Start of THE INPUT
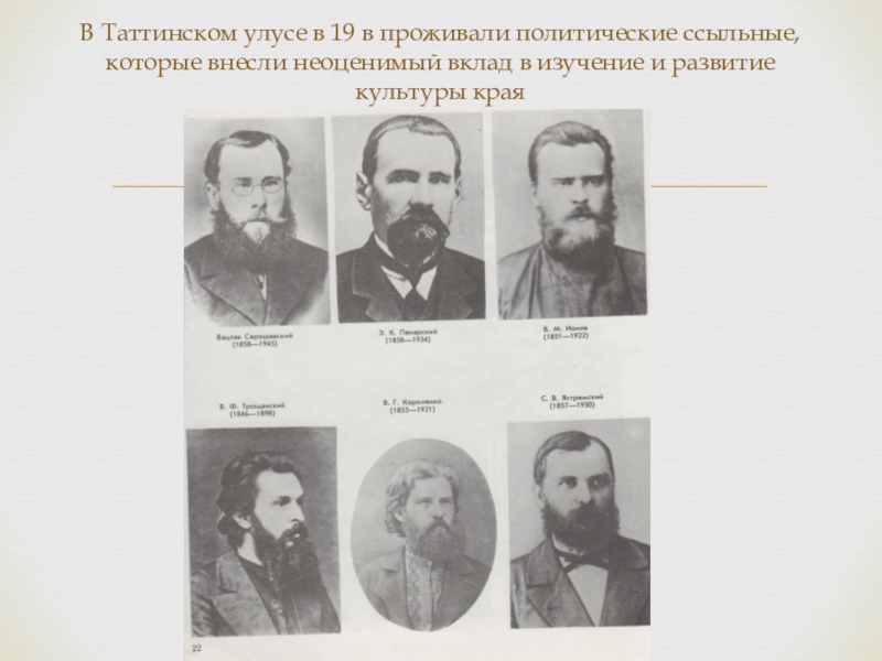 Слайд 8В Таттинском улусе в 19 в проживали политические ссыльные, которые внесли
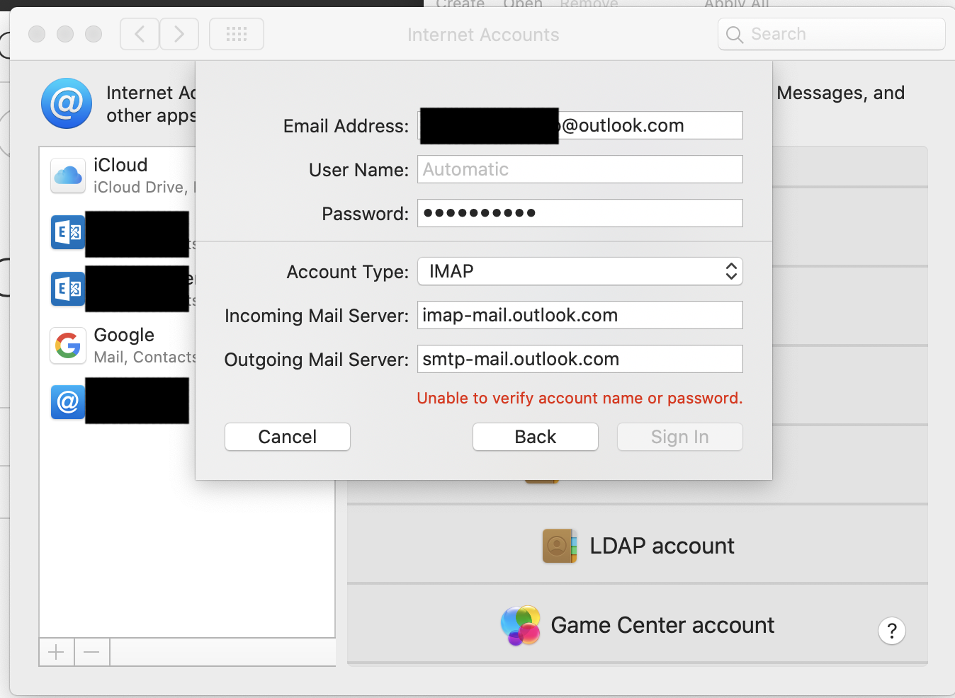 I can no longer add an outlook account on my macbook pro
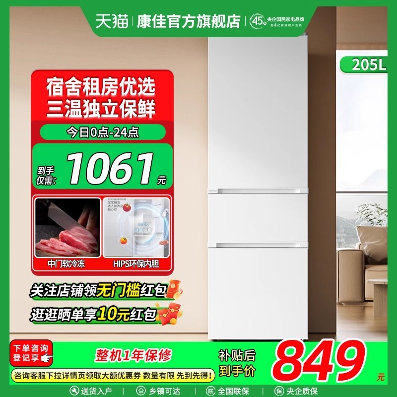 📚 康佳205L三门超薄租房宿舍小冰箱中层软冷冻三门三温大容量冰箱
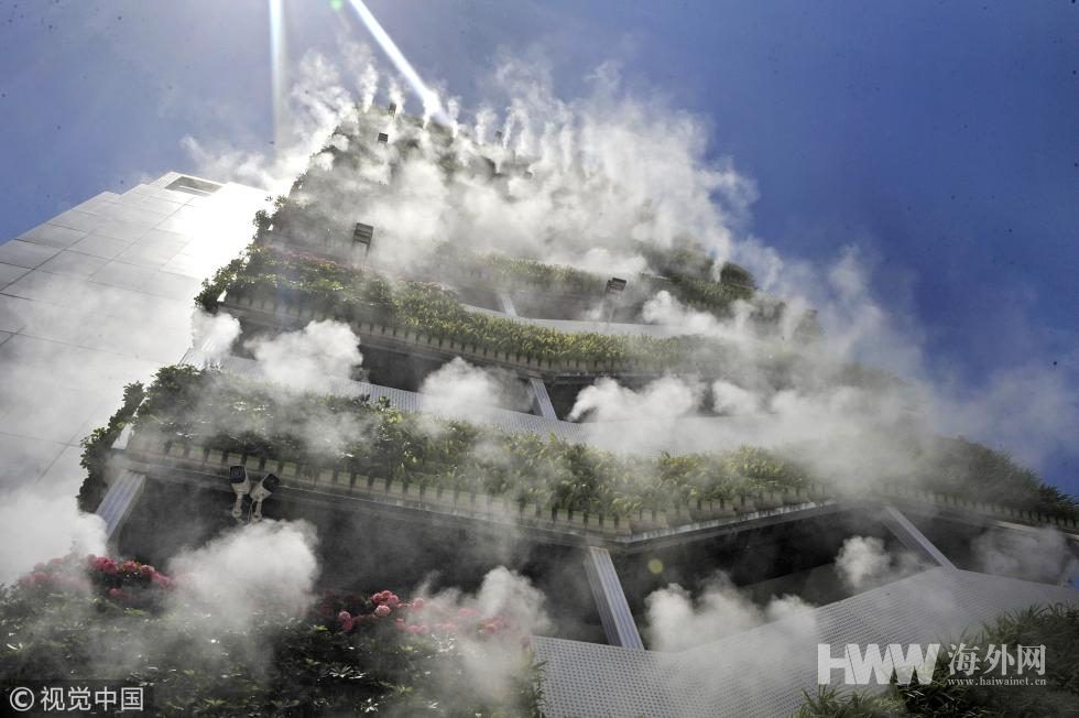2018年6月10日,西安,高楼外长满绿植,还萦绕着雾气。图片来源:CFP
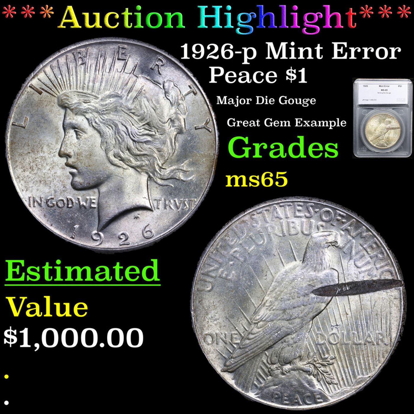 ***Auction Highlight*** 1926-p Mint Error Peace Dollar $1 Graded ms65 By SEGS.
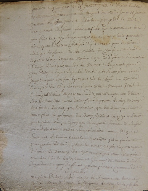 Inspection par nous fait égallement de la chossé [5] du moulin en son côté du midy l'avons trouvé en très mauvais état et susceptible d'une réparation indispensable que nous estimons être de deux cens livres valeur fixe, et comme la loy du vingt huit ventose dit ainsy qu l'ins[...] que les biens qui seront ceux à ferme et qui auront des beaux existant en 1790 ne seront point prisé, mais que le prix qui sera porté servira de base pour destination, la dite soumissionnaire nous a requis seulement de donner estimation aux objets qui ne fesoient point partie de la dite ferme et [...] requis en conséquence de donner le mesurage des objets non compris leur estimation avec des bois et des débornements [6] généraux du moulin et ses dépendances à quoy deffer[...] y avons procédé comme suit.
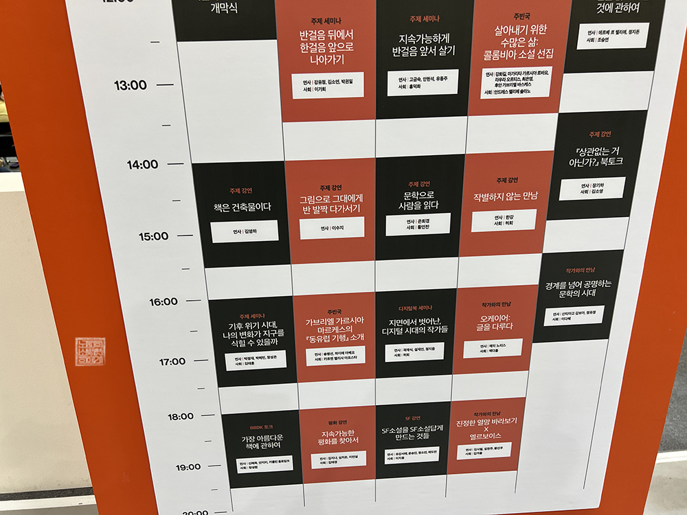 서울 국제 도서전에서는 출판사가 판매하는 책들만 아니라 도서전이기에 들어볼 수 있는 다양한 강의도 준비되어 있다. 현장에 오기 전에 미리 어떤 강의와 프로그램이 있는지 파악한 이후 사전 예약을 한 이후에 강의를 들어보는 것도 좋지만, 현장에서 우연히 내가 관심이 있는 주제의 프로그램을 만나서 들어보는 것도 나쁘지 않다고 생각한다.
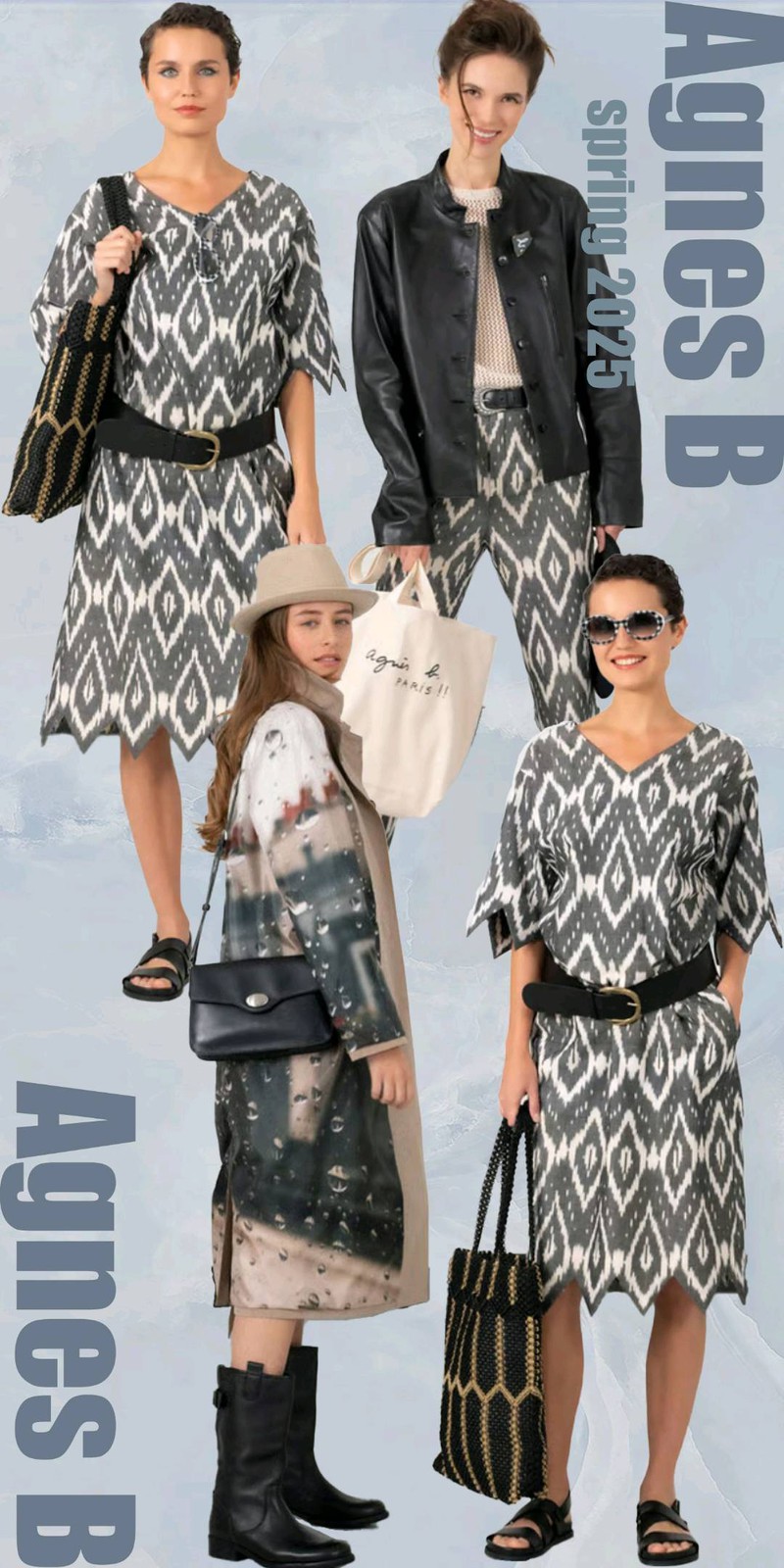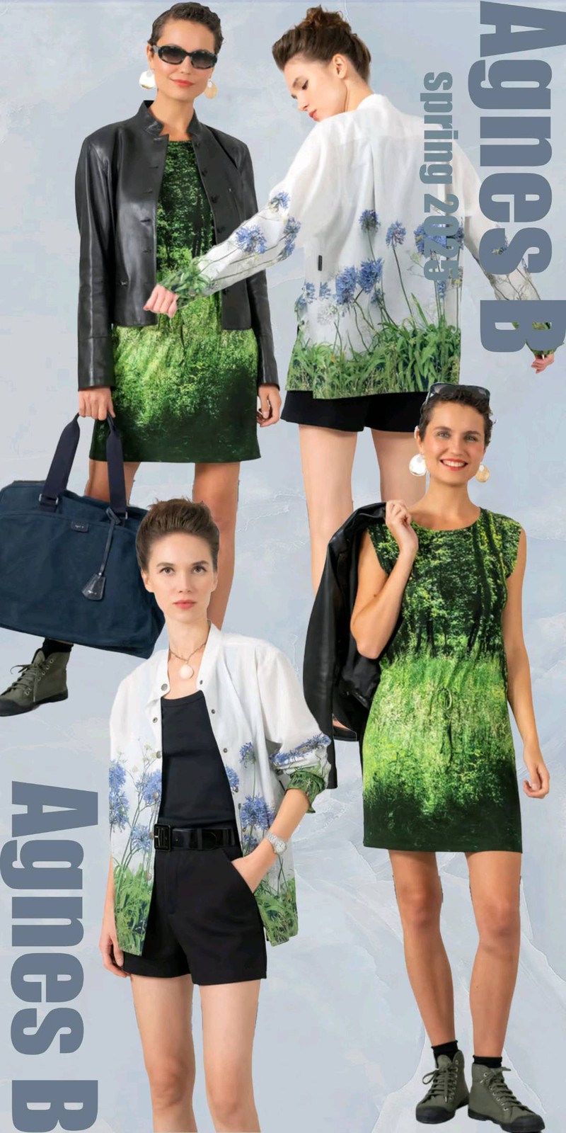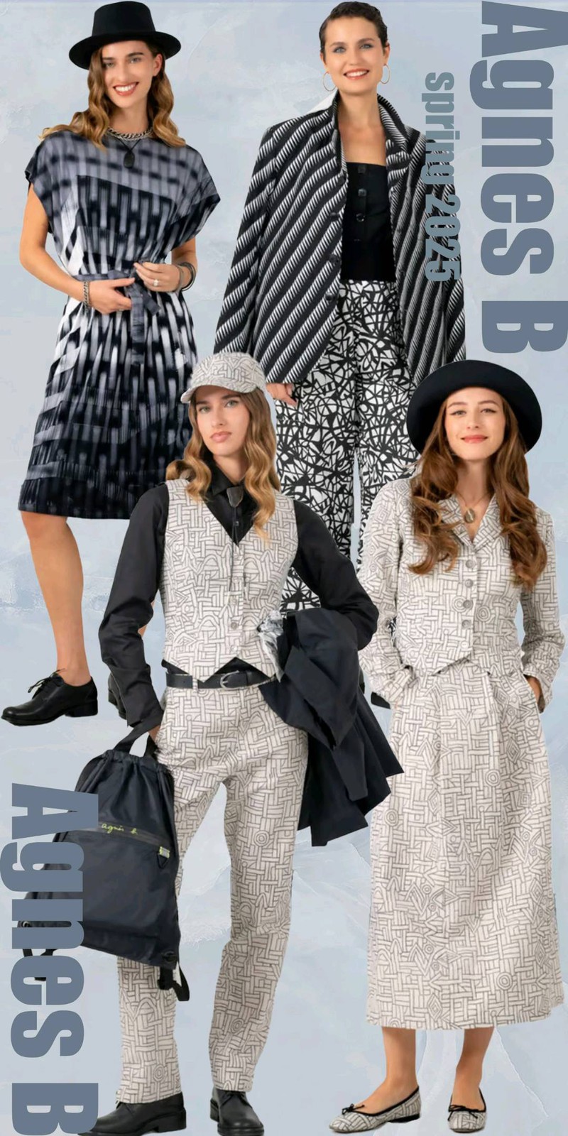 Agnes B spring 2025蓝调的海洋系列,波光粼粼的海面与几何度假风满满,绿色调的森林与植物拼接,灰色的几何图案与白色的线条,灰调的人物劳作照片多种系列有趣
End of THE INPUT
TASK DETAILS:
Using the records above, extract exactly and only the lines from the one with "2018年6月10日,西安,高楼外长满绿植,还萦绕着雾气。图片来源:CFP" through the final line, inclusive, leaving out pictures.

PROBLEM SOLUTION:
2018年6月10日,西安,高楼外长满绿植,还萦绕着雾气。图片来源:CFP
 ***Auction Highlight*** 1926-p Mint Error Peace Dollar $1 Graded ms65 By SEGS.
 Inspection par nous fait égallement de la chossé [5] du moulin en son côté du midy l'avons trouvé en très mauvais état et susceptible d'une réparation indispensable que nous estimons être de deux cens livres valeur fixe, et comme la loy du vingt huit ventose dit ainsy qu l'ins[...] que les biens qui seront ceux à ferme et qui auront des beaux existant en 1790 ne seront point prisé, mais que le prix qui sera porté servira de base pour destination, la dite soumissionnaire nous a requis seulement de donner estimation aux objets qui ne fesoient point partie de la dite ferme et [...] requis en conséquence de donner le mesurage des objets non compris leur estimation avec des bois et des débornements [6] généraux du moulin et ses dépendances à quoy deffer[...] y avons procédé comme suit.
 서울 국제 도서전에서는 출판사가 판매하는 책들만 아니라 도서전이기에 들어볼 수 있는 다양한 강의도 준비되어 있다. 현장에 오기 전에 미리 어떤 강의와 프로그램이 있는지 파악한 이후 사전 예약을 한 이후에 강의를 들어보는 것도 좋지만, 현장에서 우연히 내가 관심이 있는 주제의 프로그램을 만나서 들어보는 것도 나쁘지 않다고 생각한다.
 Agnes B spring 2025蓝调的海洋系列,波光粼粼的海面与几何度假风满满,绿色调的森林与植物拼接,灰色的几何图案与白色的线条,灰调的人物劳作照片多种系列有趣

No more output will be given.